Ortega y Ferlosio, la caza y los toros
Las editoriales Renacimiento y El Paseo recuperan los escritos del filósofo madrileño sobre la caza y la lidia y las reflexiones del ensayista y autor de 'El Jarama' sobre el arte de la tauromaquia
13 febrero, 2023 19:00“Aunque parezca mentira, falta por completo una historia de la imagen que los hombres se han forjado de la felicidad”. “Siempre me ha parecido ver los toros diametralmente contrapuestos al deporte, porque el deporte se inscribiría en el tiempo adquisitivo, o sea, el tiempo de los valores, de la historia, mientras que los toros se inscribirían en el tiempo consuntivo, o sea, el tiempo de los bienes, de la vida”. La primera frase es de José Ortega y Gasset y la segunda de Rafael Sánchez Ferlosio.

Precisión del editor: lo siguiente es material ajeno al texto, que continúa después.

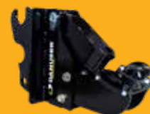
Backhoe & Excavator Quick Attach Mounting Kits
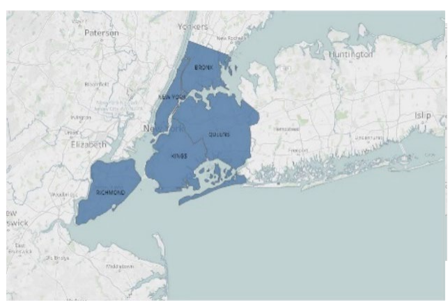
Service Area: Counties in which Providers of Amida Care Innovator Network, Inc. Offers Services
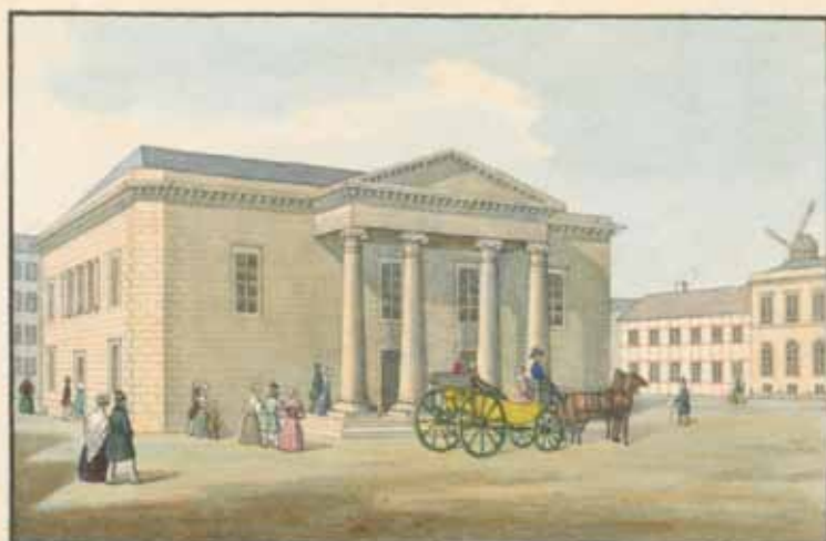
Die neue englische Kirche in Hamburg.

the successor to the chapel in the “English House”, Alte Gröningerstraße, where the Merchant Adventurers held church services in English for 200 years.
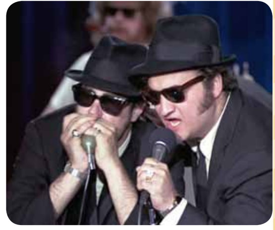
The #1 reason to learn harmonica: these cool cats!

Fee: $10 registration fee; $64* tuition; $48 if enrolled in individual lessons at Hochstein.
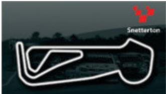
08-09 Aug Snetterton
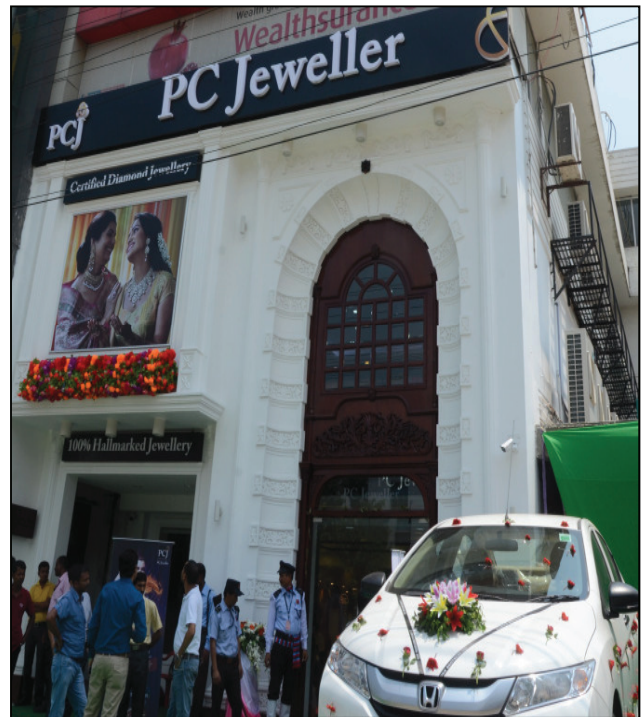
Guwahati, Assam (June 2014) (4,350 sq. ft.)
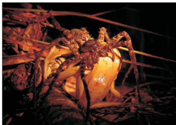
Figure 1. An Okefenokee fishing spider ( Dolomedes okefinokensis ) digesting a green treefrog ( Hyla cinerea ) in a cypress dome in Big Cypress National Preserve. This is one of a few documented cases of arthropods as predators of frogs.

Declines in amphibian populations have been documented by scientists worldwide from many regions and habitat types (Alford and Richards 1999). No single cause for declines has been demonstrated, but stressors such as acid precipitation, environmental contaminants, non-native predators, disease agents, parasites, and the effects of ultraviolet radiation have all been suggested. Because of their susceptibility to these and other stressors, amphibians are important indicators of ecosystem health (Welsh and Ollivier 1998).

Del primero se acaba de reeditar La caza y los toros (Renacimiento) y del segundo se han reunido en un volumen todos los escritos sobre tauromaquia, Interludio taurino (El Paseo). Se trata de una oportunidad para confrontar a dos de las figuras más relevantes de la cultura española del siglo XX a través de dos obras aparentemente menores en su producción pero muy elocuentes con respecto a la esencia de su pensamiento.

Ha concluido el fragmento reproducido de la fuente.